Psychologists and occupational health leaders highlighted programs aimed at alleviating work-family conflicts and workplace stress at a recent conference organized by the National Institute for Occupational Safety and Health and more than 20 co-sponsors, including APA. The 2004 Steps to a Healthier U.S. Workforce Symposium brought together leaders from the occupational safety and the health promotion communities to explore ways to improve employees' health and safety.
One session at the event included promoting employee well-being through such means as flexible work schedules and team-based employee problem-solving.
The need is evident: The number of employees nationwide reporting psychiatric disabilities is steadily growing and costing companies in lost productivity and employee absenteeism, according to psychologists who spoke at the session.
For example, at Bank One--now J.P. Morgan Chase--employees' mental health issues from 2000-2002 accounted for the second leading cause of short-term disability and were second in total of days absent from work--behind only pregnancy.
Depression, in particular, is the most reported psychiatric disability, and contributes to the most absences, limiting employees' cognitive reasoning and interpersonal skills, said clinical psychologist Daniel J. Conti, PhD, an employee assistance program director at J.P. Morgan Chase. By 2020, depression is expected to rank second in leading causes of worldwide disability; in 1990, it ranked fourth, according to the "The Global Burden of Disease" (Harvard University Press, 1996).
As such, Conti said companies need to not only take into account the productivity lost through employee absenteeism due to such mental health problems, but also the productivity lost while an employee is present but limited at work due to health problems--which he referred to as "presenteeism." He stressed the need for companies to change management and organizational work methods to help decrease such losses.
Doing that requires workplaces to examine returns on mental health components of their medical plans, and it requires employees to shift their work attitudes and behaviors, Conti noted.
Employer flexibility is also key to minimizing mental health problems among employees, said Lynne Casper, PhD, of the National Institute of Child Health and Human Development.
"Workplace polices can have an effect on people's health, how they live their life and their ability to manage their work and family obligations," she said.
Indeed, tedious job tasks, job insecurity or inflexible work schedules can demoralize some employees or lower their motivation, speakers noted.
To address such issues, psychologist David M. DeJoy, PhD, director of the Workplace Health Group, conducted a study on healthy work organization in retail. DeJoy and his colleagues surveyed employees at 21 stores--all part of the same company--to identify employees' concerns about issues such as their work schedules. From there, the researchers formed a team of eight to 12 employees at each store to develop store-specific interventions to respond to those concerns. Such interventions included programs geared to build skills to enhance employer and employee communication, improve morale, manage conflict and solve problems related to, for example, customer-service issues.
According to self reports from employees and employers, the interventions led to better communication as well as improved employee satisfaction with work schedules, job content and feelings of increased involvement in workplace decisions, said DeJoy, a professor of health promotion and behavior at the University of Georgia.

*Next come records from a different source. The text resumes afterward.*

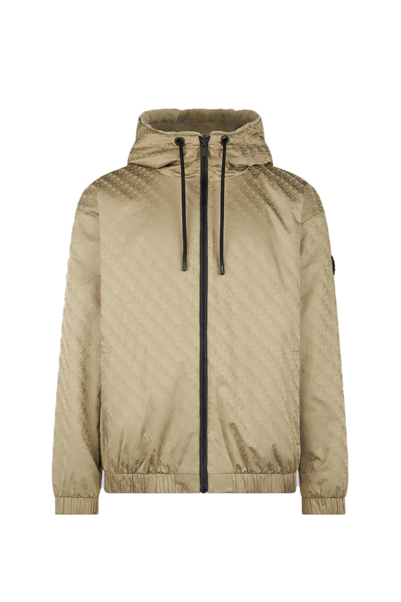 Stijlvolle jas met een moderne uitstraling. Voorzien van een capuchon met trekkoorden voor aanpasbare bescherming. De jas heeft een subtiele all-over print die visuele diepte toevoegt zonder te overheersen. Elastische boorden aan mouwen en zoom zorgen voor een goede afsluiting. Er zijn zijzakken met rits voor het veilig opbergen van persoonlijke spullen. Het merklogo is discreet geplaatst op de linkerarm.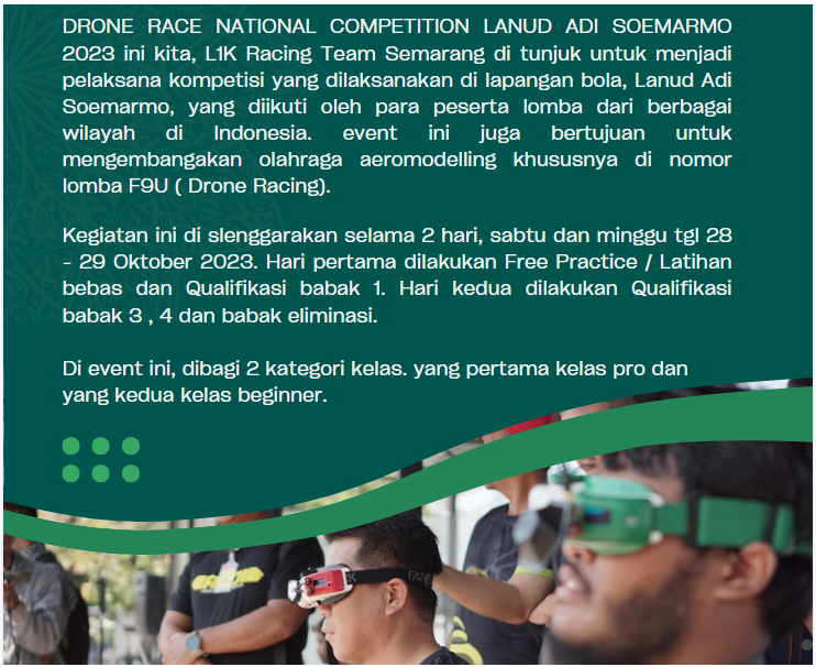 L1K Drone Race Adi Soemarmo Solo 2023 November 10, 2023November 10, 2023 L1K Racing Team Semarang, telah di minta untuk menjadi pelaksana kejuaraan Drone Racing di Lanud Adi Soemarmo Solo , pada tanggal 28-29 Oktober 2023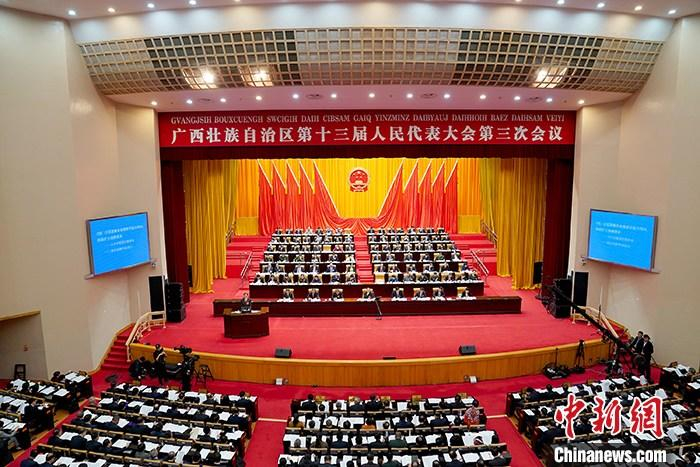 资料图:1月12日,广西壮族自治区第十三届人民代表大会第三次会议在南宁开幕。中新社记者 陈冠言 摄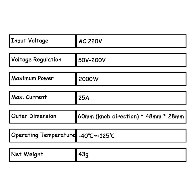-The voltage regulating range:50V-250V AC (Output voltage <= Input supply voltage)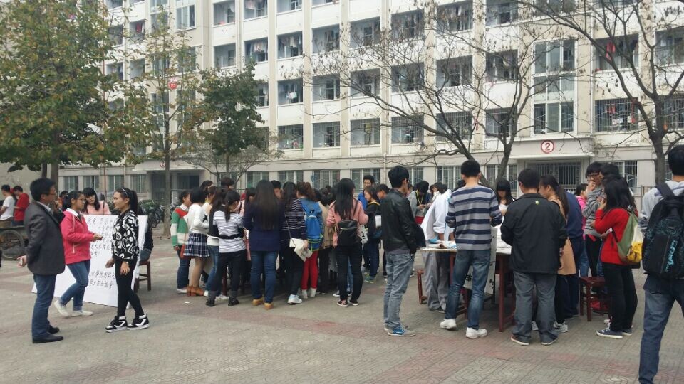 10月18日,由美术学院主办,大学生书法协会协办的“感悟正能量,墨洒中国梦”书画赠送活动在八餐小广场举行,社联副主席岳楠、王跃,美术学院学生会副主席李雪,34届书法协会会长张伟通,35届书法协会会长赵军帅担任开幕嘉宾并与同学们共同参加了此次活动。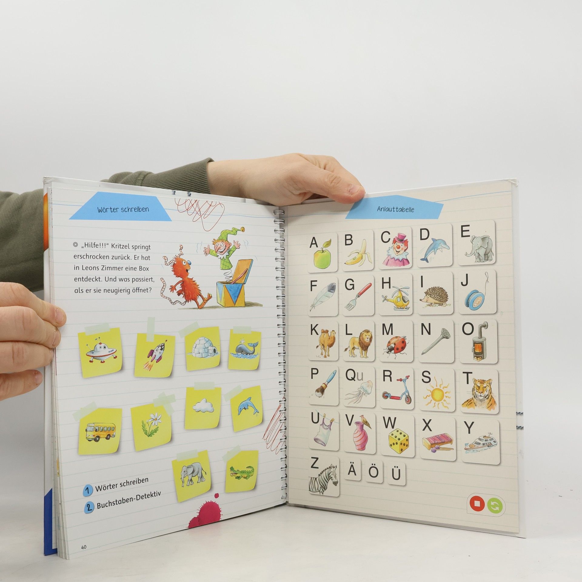 Noch nie hat Deutsch lernen so viel Spaß gemacht! Leon und Luisa erleben mit dem liebenswerten Monster Kritzel lustige Abenteuer auf dem Spielplatz oder auf Großmutters Dachboden. Dabei animiert Kritzel zum Lösen der über 50 Lernspiele und Aufgaben in immer neuen Varianten. Die Themen sind nach dem Lehrplan aufgebaut, können aber auch einzeln bearbeitet werden. Eingebettet in eine fröhliche Geschichte üben Kinder eigenständig die Lerninhalte der 1. Klasse. Dank tiptoi macht Lernen jetzt so richtig Spaß! Mit der Reihe tiptoi Lern mit mir! erleben die Kinder spielerisch, interaktiv und selbstständig verschiedene Lernthemen für die Grundschule. In den Bänden der Reihe können sie so Deutsch- und Mathematik-Inhalte für die 1. Klasse vertiefen, das kleine 1 x 1 üben oder Deutschland mit seinen Gebirgen, Städten und Sehenswürdigkeiten kennenlernen. Alle Inhalte werden kindgerecht und in Bezug auf die Lehrpläne der jeweiligen Fächer vermittelt. In jedem Buch gibt es viele knifflige und lustige Aufgaben in zahlreichen Varianten und mit motivierender Lösungskontrolle. Dies sorgt für wiederholte Beschäftigung und nachhaltigen Lernerfolg. Lustige Geräusche und spannende Geschichten runden das interaktive Erlebnis ab. Die Reihe ist somit die ideale Unterstützung zum Aneignen und selbständigen Vertiefen des Schulstoffs. tiptoi-Stift nicht enthalten. Muss separat erworben werden.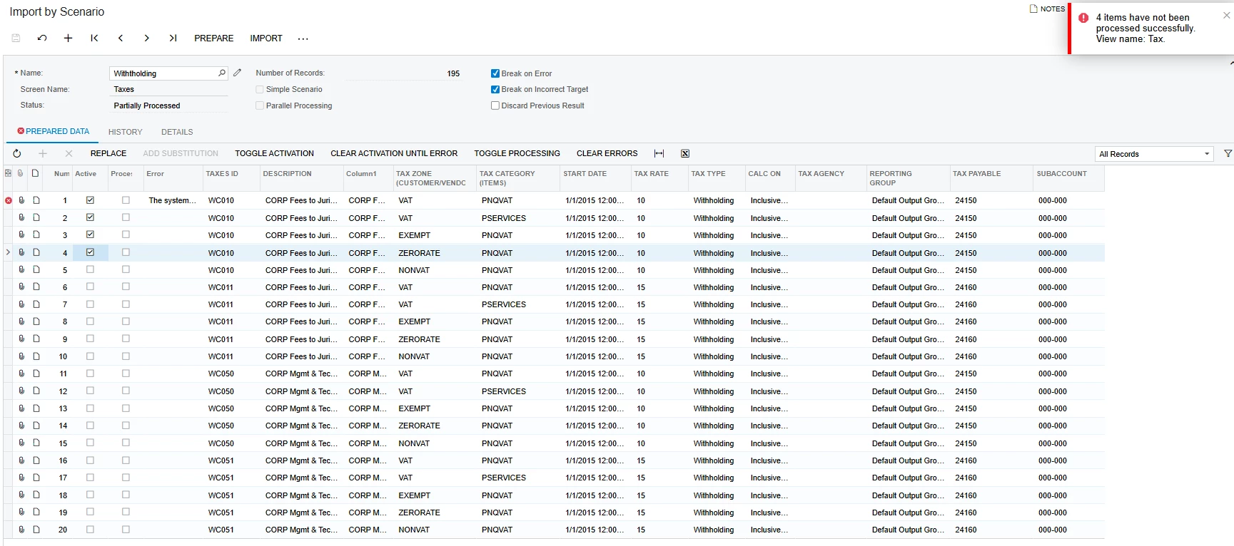 Hi. I need your help regarding importing the withholding tax. It says “The system failed to commit the TaxRevisions row.”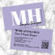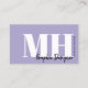 Lavender Purple Profesional Simple Monograma Moderno Tarjeta de Negocios. Puedes cambiarlo a cualquier negocio que quieras: maquillador, especialista en latigazos, peluquero, o incluso algo como marketing, consultoría y más! Presenta un fondo malva lavanda en ambos lados con una mezcla de fuentes en blanco y negro en tipografía clásica y audaz acompañada de un elegante tipo de letra para los detalles. El reverso incluye espacio para un código QR para que los clientes puedan conectarse rápidamente a su sitio web, con los iconos de los medios sociales mostrados encima de él, puede eliminar cualquier icono que no desee mantener limpio y personalizado. Un aspecto de moda y moda, profesional y elegante. Puede cambiar todos los colores para hacerlo como desee. El nombre lateral de la parte delantera debe funcionar con la mayoría de las iniciales, pero si no, puede querer jugar con el espaciado en el editor completo.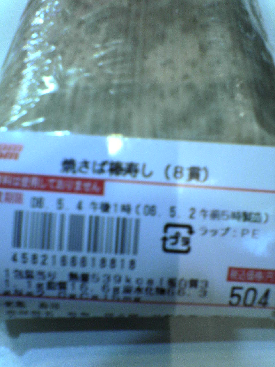 以前は、タンパク質25g(自称)を含む「am.pm」の照り焼きチキンサンド×2個がお気に入りだったのですが、最近発見したのがコノ「焼きサバ寿司」。タンパク質31g含有(自称)。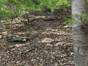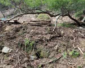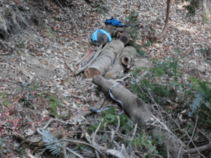 山林整備ボランティア作業は、先ずはそうした倒木整理や危険木の伐倒が中心に進められました。除伐により林内の照度を高めるとともに、倒木は適当な長さに玉切りしたのち、斜面の土留めとして横置きにし、人工林は適度な間伐により根の張りを強くして災害に強い森づりなどを目標に整備が行われました。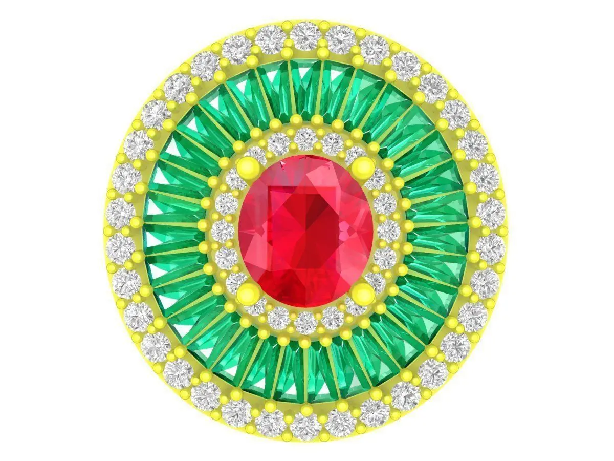 This 3D jewelry model showcases a luxury round cocktail ring featuring a multi-layer halo structure with a bold central round stone. The design combines a classic round centerpiece with concentric pavé halos and baguette-cut accents, creating strong brilliance and visual depth.
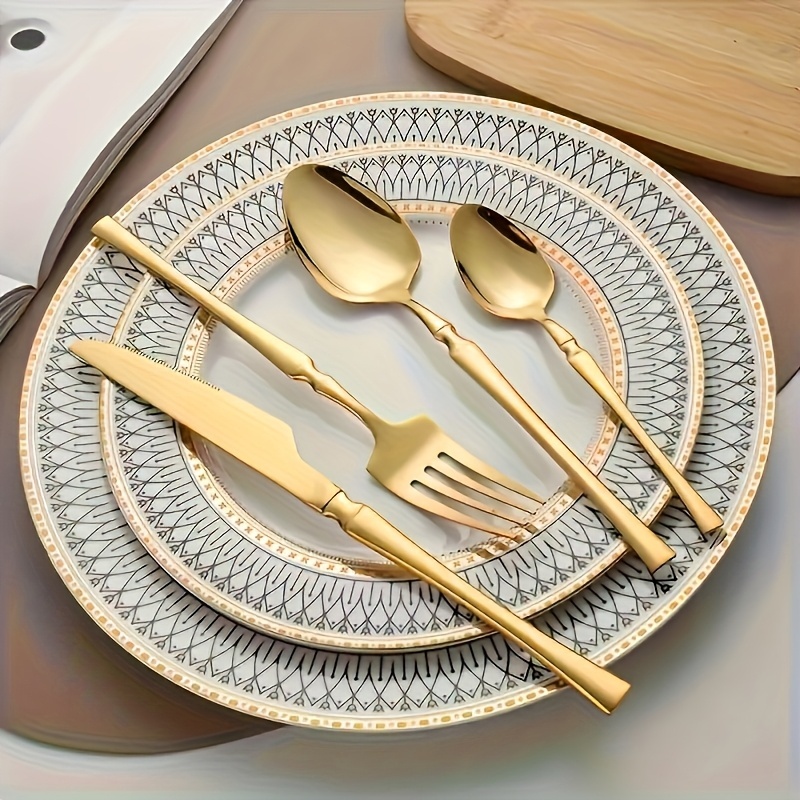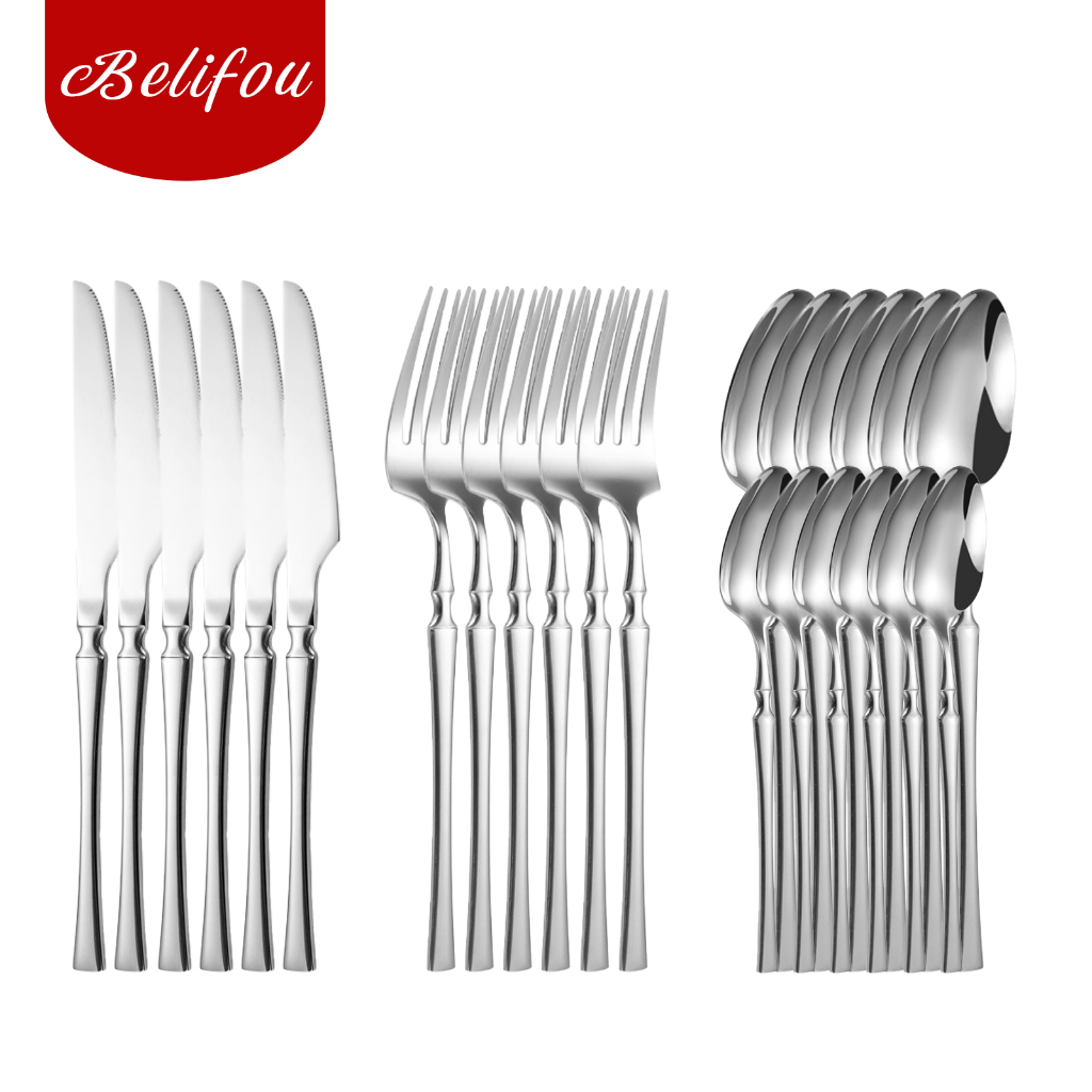 Belifou Kit 24 Jogo De Talheres Aço Inoxidável 416 Cintura Fina Dourado

The team-based intervention also had some positive effects on store sales and employee turnover.
Working parent programs
Researchers have shown that programs--such as Triple P (Positive Parenting Program)--geared to help working parents balance work and family life also can contribute to improved employee mental health.
Triple P provides evidence-based support strategies for parents of children from birth to 12 years old, said psychologist Ron Prinz, PhD, Carolina Distinguished Professor at the University of South Carolina. The program features individual or small group sessions focused on helping parents better plan and prioritize their family and work responsibilities and gain confidence in their parenting skills. Australian psychology professor Matthew Sanders, PhD, and his colleagues at the University of Queensland developed Triple P.
Triple P, in particular, derives from research showing that parents with high work stress tend to have low job self-efficacy, less positive parent-child interactions, less parental satisfaction and more coercive parenting styles, Prinz said.
Triple P can counter some of that, according to preliminary data. Parents who participated in Triple P group sessions at work were able to reduce work stress and child behavior problems and also improve their overall self-efficacy, Prinz said.
However, child care isn't the only source of family life stress. At IBM, for example, the company found a 200 percent increase from 1986 to 2001 in employees needing elder care for aging loved ones. To help, the company created a national referral and resource service to help employees find elder care.
Flexible work schedules
IBM also introduced flexible work schedules--such as giving many employees the option to work part-time or at home--based on another of its survey findings that such scheduling contributes to improved worker satisfaction. Now one-third of IBM employees do not work primarily at a traditional IBM office. Working from home, in particular, has gained acceptability among employees and employers, said Michael D. Shum, IBM's director of Global Workforce Diversity Operations.
Indeed, IBM researchers have found that employees who work at home have the least difficulty with motivation and retention and are more willing to put in extra effort in their job. Plus, 55 percent of the employees surveyed agreed that working from home at least one day per week is acceptable, and 64 percent said they are likely to work from home in the next five years.
"This whole face-time culture of a manager having to watch a person work is changing," Shum said. "We still have a long way to go, but we're making progress."